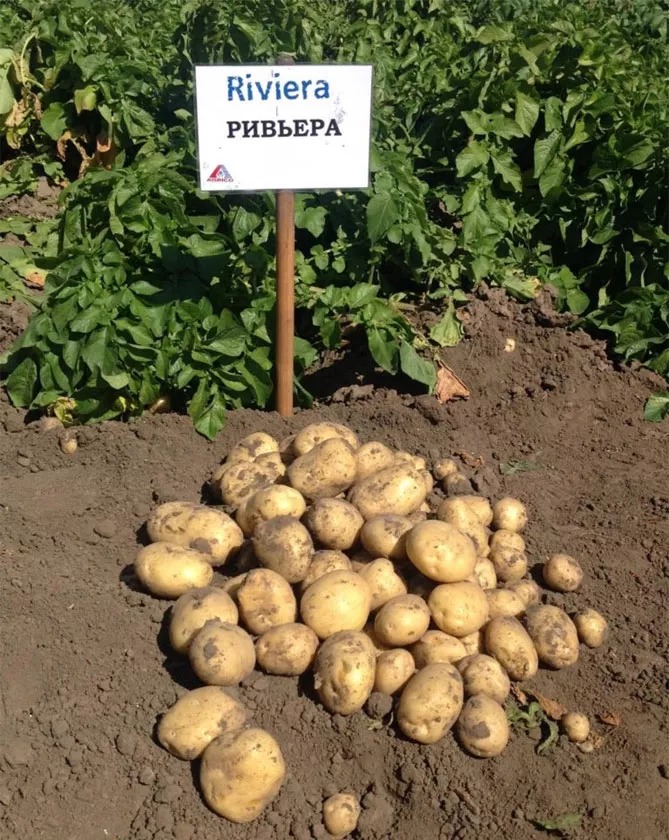 Согласно характеристикам и отзывам клубни картофеля сорта Ривьера продолговатой формы с мякотью желтого цвета. Глазки в поверхность кожуры заглублены не сильно. Среднее количество клубней на кусте около 10 штук. При соблюдении агротехники масса каждого клубня может достигать 200 грамм. По своим характеристикам сорт картофеля Ривьера можно сравнить с Жуковским ранним. Благодаря хорошим вкусовым качествам эта картошка отлично подходит для жарки, приготовления пюре, супов.
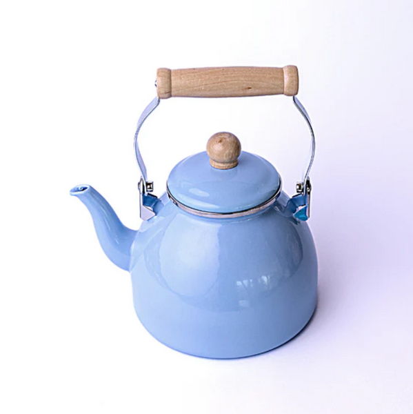 La Tetera Bolton Enlozada Celeste con Asa de Madera de 2 litros combina un diseño atractivo y funcionalidad. Su revestimiento enlozado preserva el sabor original del agua, mientras que el asa de madera ofrece un agarre cómodo y seguro. Perfecta para preparar varias tazas de té o infusión, es ideal para uso en cocina o directamente sobre la llama.
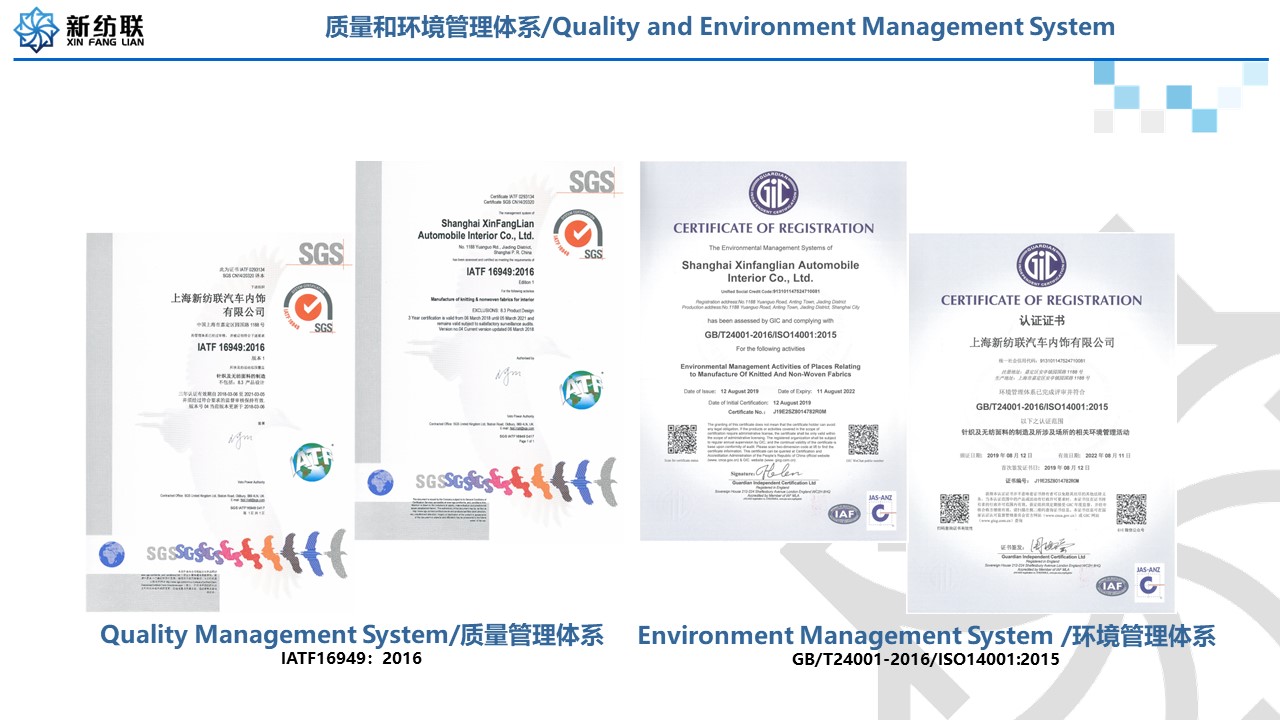 體系證書:通過IATF 16949:2016質量管理系統和ISO 14001:2015環境體系認證
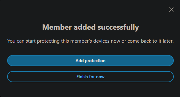 5. A box will pop up saying "Member added successfully". If you have an ESET License you want to attach to them, click Add protection and then continue to step 5. of the Attaching a license section. Otherwise, click Finish for now:
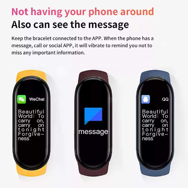 Use this fitness tracker throughout your day to stay on top of your health metrics. It’s perfect for workouts, workdays, or relaxation at home. Whether you’re tracking steps, monitoring your sleep, or managing calls and messages, the M7 is a reliable and stylish companion.
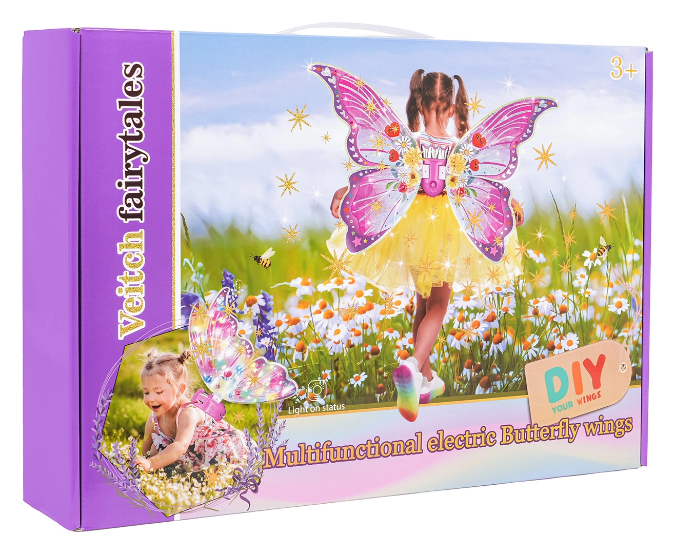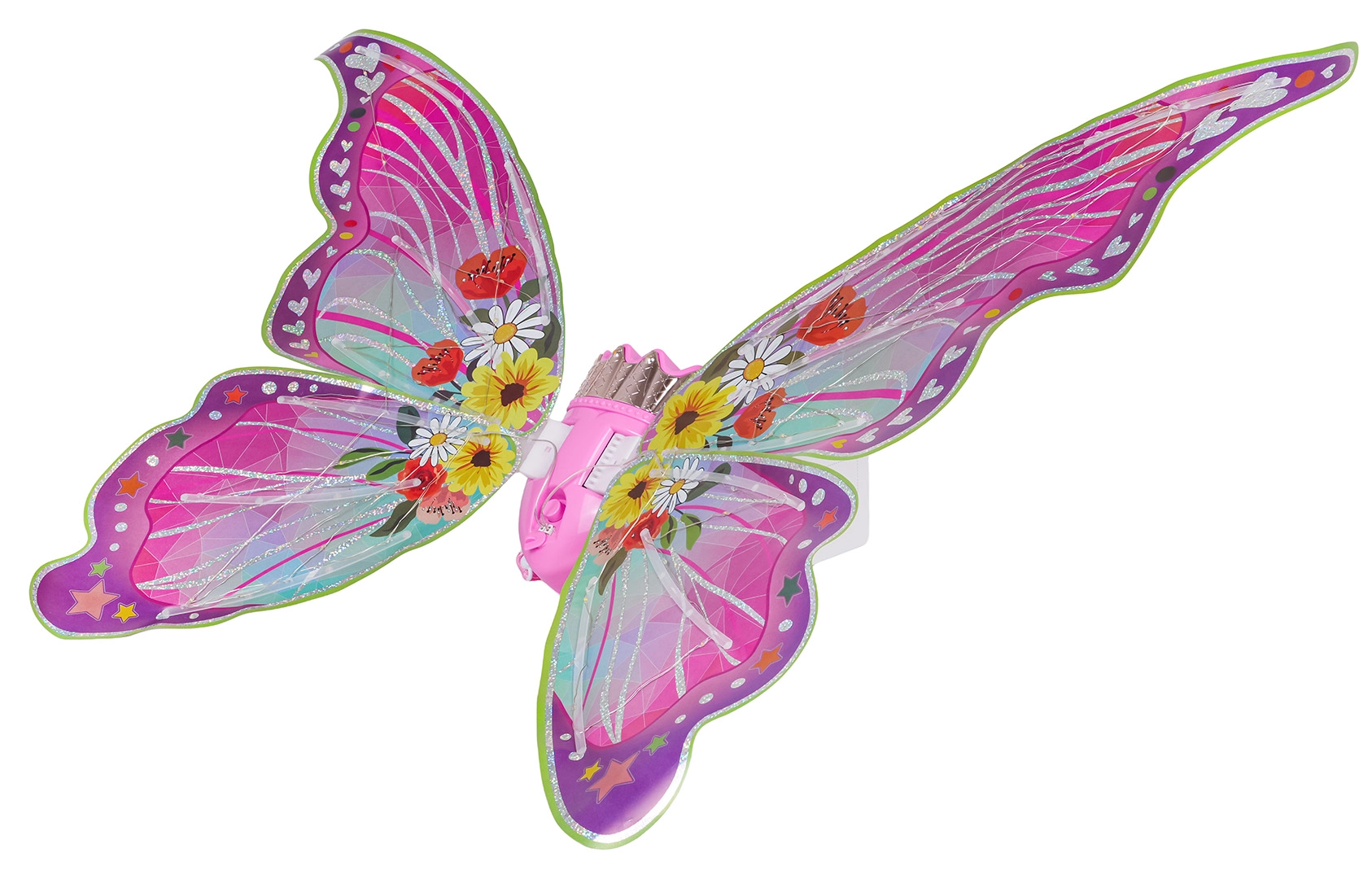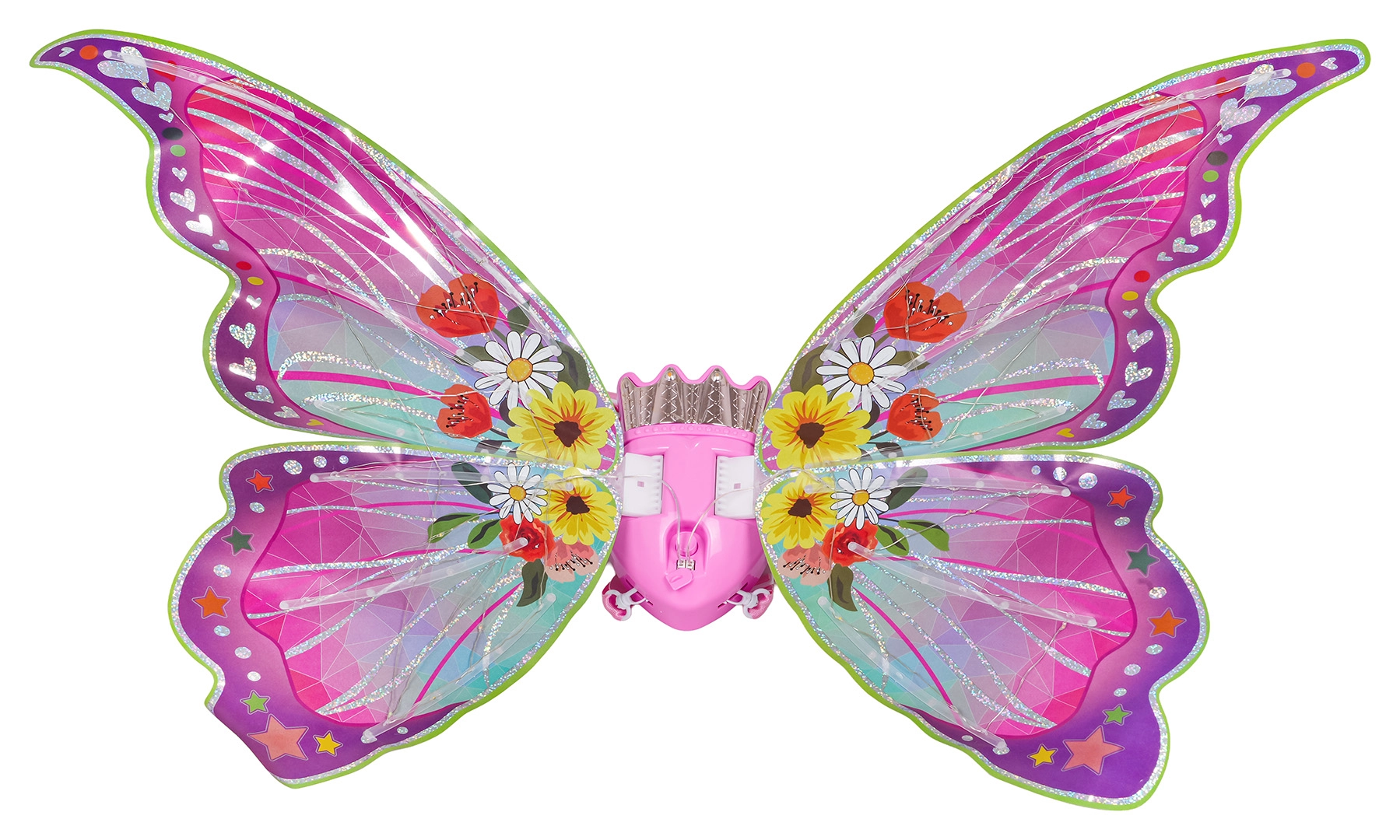 Die Schmetterlingsflügel bieten mehrere Modi: Musik + Flügelschlag + Lichteffekte, Flügelschlag + Licht, Flügelschlag + Blinklicht sowie reiner Flügelschlag. Verstellbare Träger sorgen für einen bequemen Sitz, die leichte Konstruktion und mehrfarbige LED-Lichter schaffen bei jedem Spiel eine magische Atmosphäre.
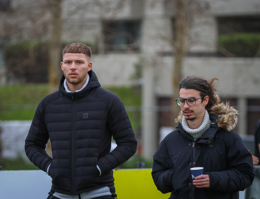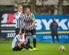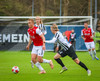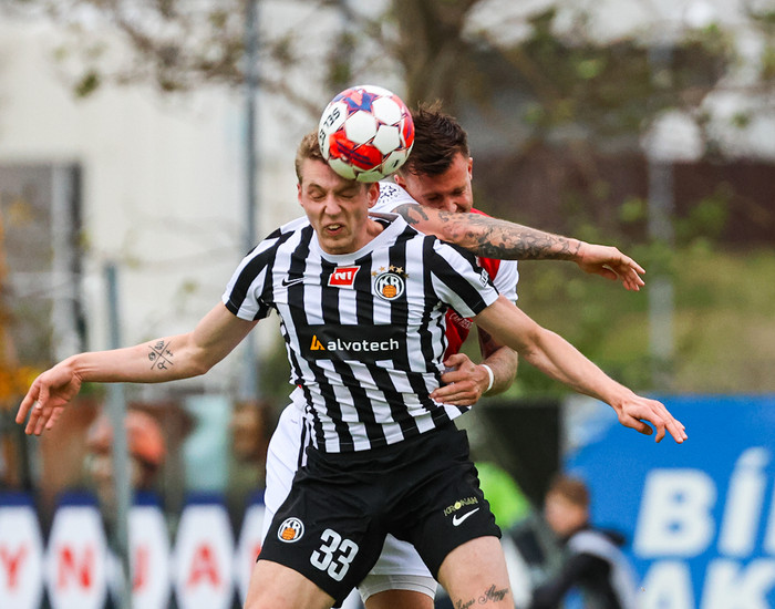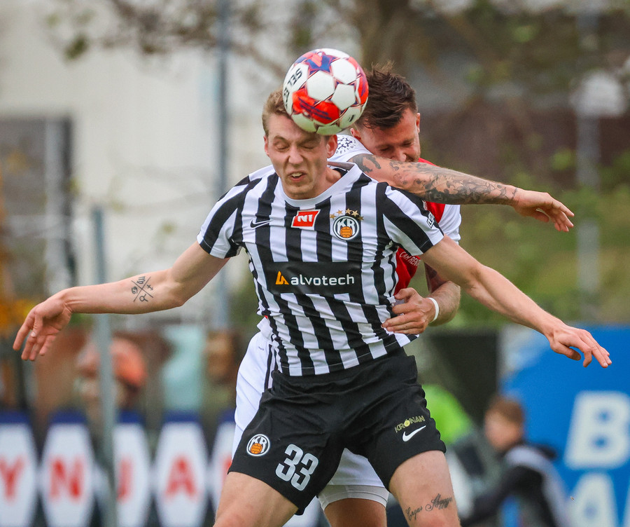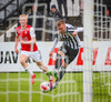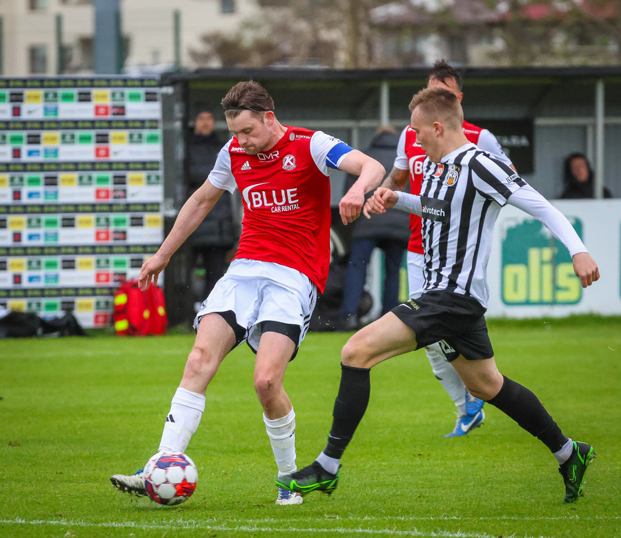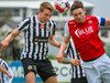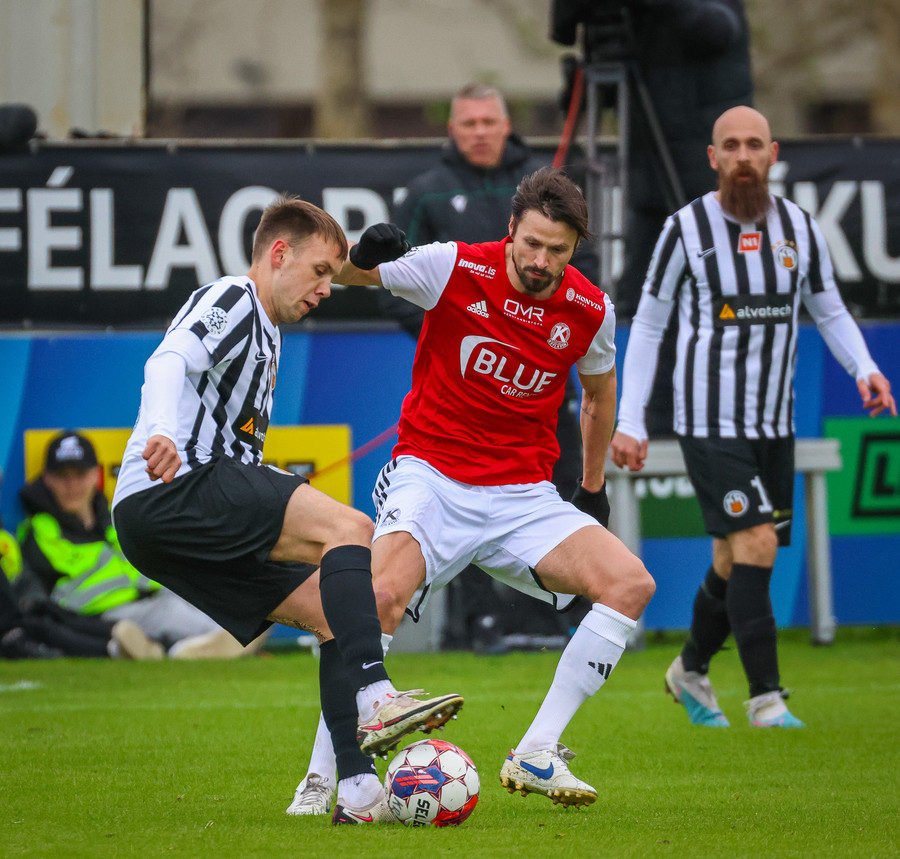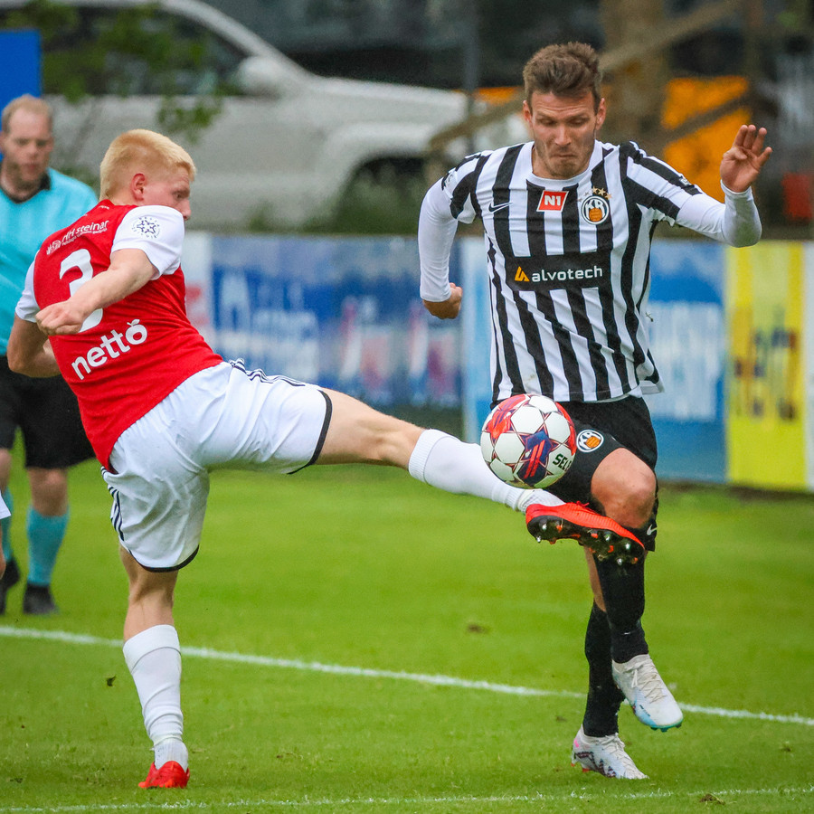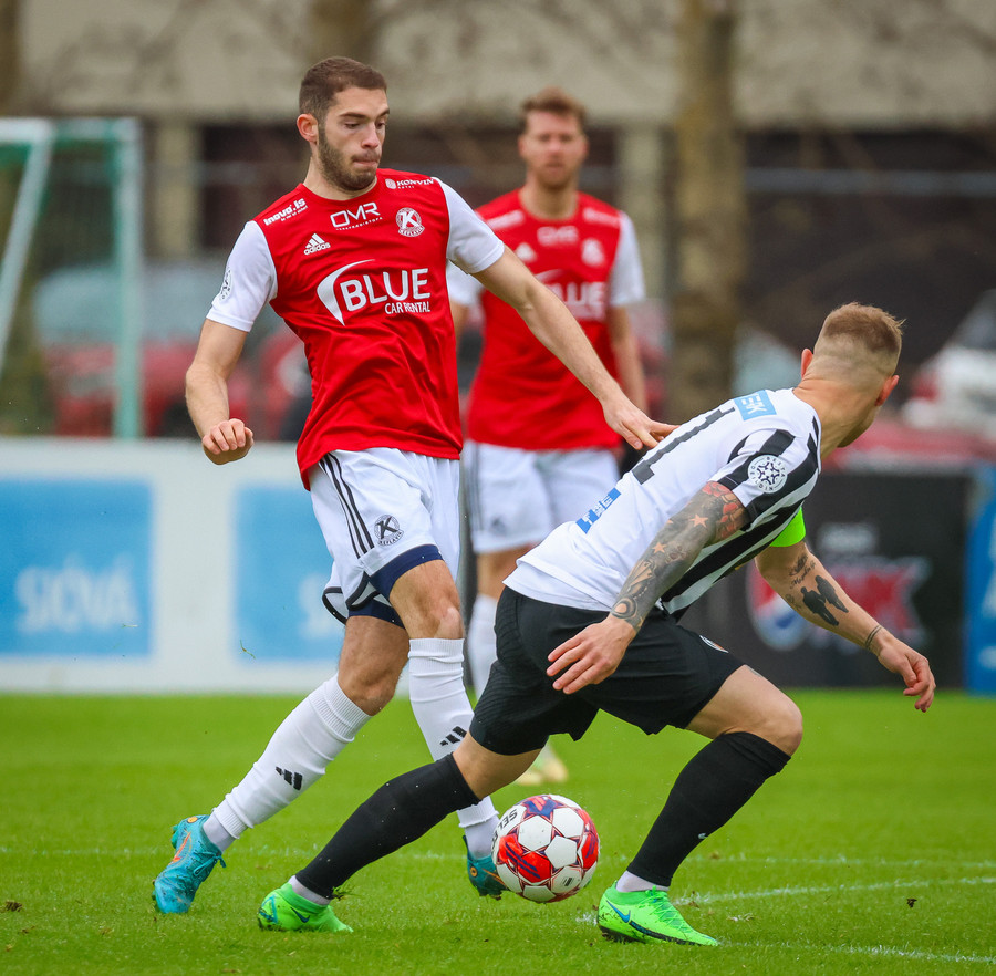 Mikil barátta milli Sindra og Elmars en Sindri hefur betur með því að stíga Elmar út og vinna markspyrnu.

= = = =

What to produce: Transcribe all the lines above exactly, apart from the pictures.

Output for this task:
 Согласно характеристикам и отзывам клубни картофеля сорта Ривьера продолговатой формы с мякотью желтого цвета. Глазки в поверхность кожуры заглублены не сильно. Среднее количество клубней на кусте около 10 штук. При соблюдении агротехники масса каждого клубня может достигать 200 грамм. По своим характеристикам сорт картофеля Ривьера можно сравнить с Жуковским ранним. Благодаря хорошим вкусовым качествам эта картошка отлично подходит для жарки, приготовления пюре, супов.
 La Tetera Bolton Enlozada Celeste con Asa de Madera de 2 litros combina un diseño atractivo y funcionalidad. Su revestimiento enlozado preserva el sabor original del agua, mientras que el asa de madera ofrece un agarre cómodo y seguro. Perfecta para preparar varias tazas de té o infusión, es ideal para uso en cocina o directamente sobre la llama.
 體系證書:通過IATF 16949:2016質量管理系統和ISO 14001:2015環境體系認證
 5. A box will pop up saying "Member added successfully". If you have an ESET License you want to attach to them, click Add protection and then continue to step 5. of the Attaching a license section. Otherwise, click Finish for now:
 Use this fitness tracker throughout your day to stay on top of your health metrics. It’s perfect for workouts, workdays, or relaxation at home. Whether you’re tracking steps, monitoring your sleep, or managing calls and messages, the M7 is a reliable and stylish companion.
 Die Schmetterlingsflügel bieten mehrere Modi: Musik + Flügelschlag + Lichteffekte, Flügelschlag + Licht, Flügelschlag + Blinklicht sowie reiner Flügelschlag. Verstellbare Träger sorgen für einen bequemen Sitz, die leichte Konstruktion und mehrfarbige LED-Lichter schaffen bei jedem Spiel eine magische Atmosphäre.
 Mikil barátta milli Sindra og Elmars en Sindri hefur betur með því að stíga Elmar út og vinna markspyrnu.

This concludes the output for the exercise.